We are often asked: "what is an Azure Data Lake Analytics Unit ? How does it affect my U-SQL job? How many do I need for my U-SQL job?" You will find the answers to these in this post.
An Azure Data Lake Analytics Unit, or AU, is a unit of computation resources made available to your U-SQL job. Each AU gives your job access to a set of underlying resources like CPU and memory. Currently, an AU is the equivalent of 2 CPU cores and 6 GB of RAM. As we see how people want to use the service, we may change the definition of an AU or more options for controlling CPU and memory usage.
How AUs are used during U-SQL Query Execution
When you submit a U-SQL script for execution, the U-SQL compiler parallelizes the U-SQL script into hundreds or even thousands of tasks called vertices.
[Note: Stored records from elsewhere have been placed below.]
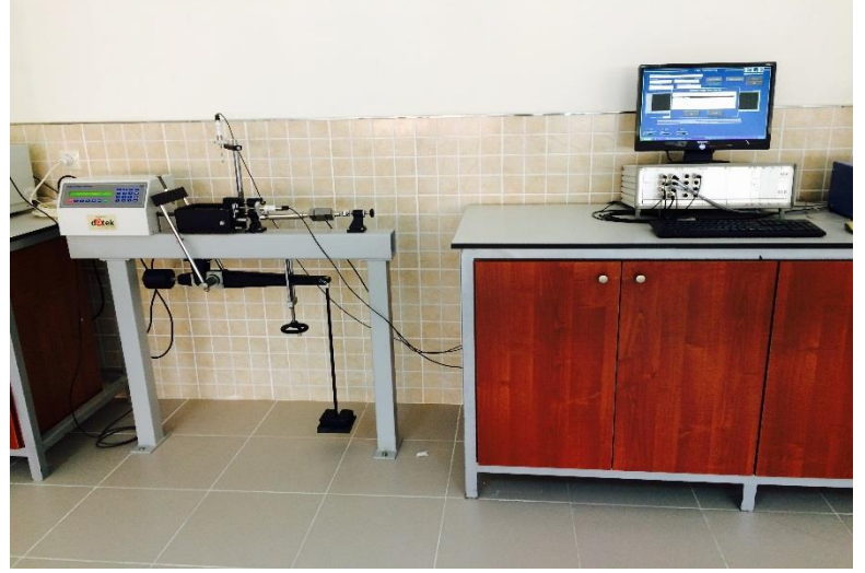
Kesme Kutusu Deney Düzeneği
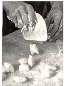
Drei-Gang-Menü zum Nachkochen, S. 73
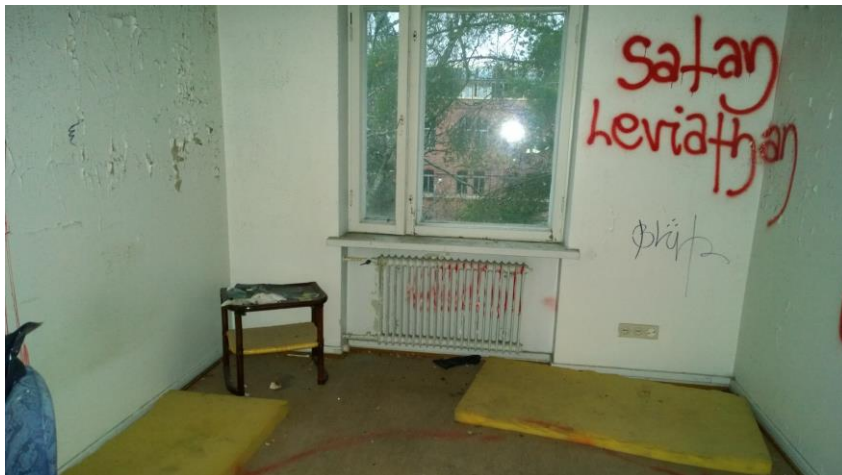
Kuva 15. Töherryksiä ja hilseileviä maalipintoja.

Each vertex is allocated to one AU. The AU is dynamically allocated to the task and released once that particular task is completed.
When submitting a U-SQL job, you can specify the number of AUs you want this job to run with also called parallelism. The ADLA service will reserve that amount for the exclusive use by your job for its entire duration. You are able to easily scale up and down the number of AUs you want to use for your different jobs. So, what happens if you allocate more or less AUs than the number of tasks or vertices that your job can be compiled down to?
- If there are more tasks than AUs, the tasks will wait in the queue for the next available AU. You are utilizing your AUs efficiently but your job will likely take longer to complete.
- If there are more AUs than tasks that are ready to run, the remaining AUs will be waiting for the next task. You would be under-utilizing the number of AUs but your job is likely to run as fast as it possibly could.
We will go in to more detail about the impact of AUs on job performance in a little bit. But first, let’s talk about how resource consumption by a job is actually measured. You will be charged based on this – so, it is kind of important.
What is an AU Second?
An “AU Second” is the basic unit of measurement of the compute resources (AUs) requested and reserved for a job over its entire execution time in terms of seconds. It is calculated as the product of the number of AUs assigned to the job and the total job execution time in second. The AU seconds consumed by a job determines how much the job will cost.
The current price for a given AU second and related options are provided here .
Now that you know how resource consumption is measured, let’s go back to how the number of AUs can impact job performance.
Will your job run faster if you assign more AUs to your job?
The shortest answer is: Maybe.
Increasing the number of AUs makes more compute resources available to a job and the job could run faster. However, depending on your job’s characteristics (e.g. how parallelizable it is, how much data it is processing etc.), you may not always see a proportional reduction in job execution time.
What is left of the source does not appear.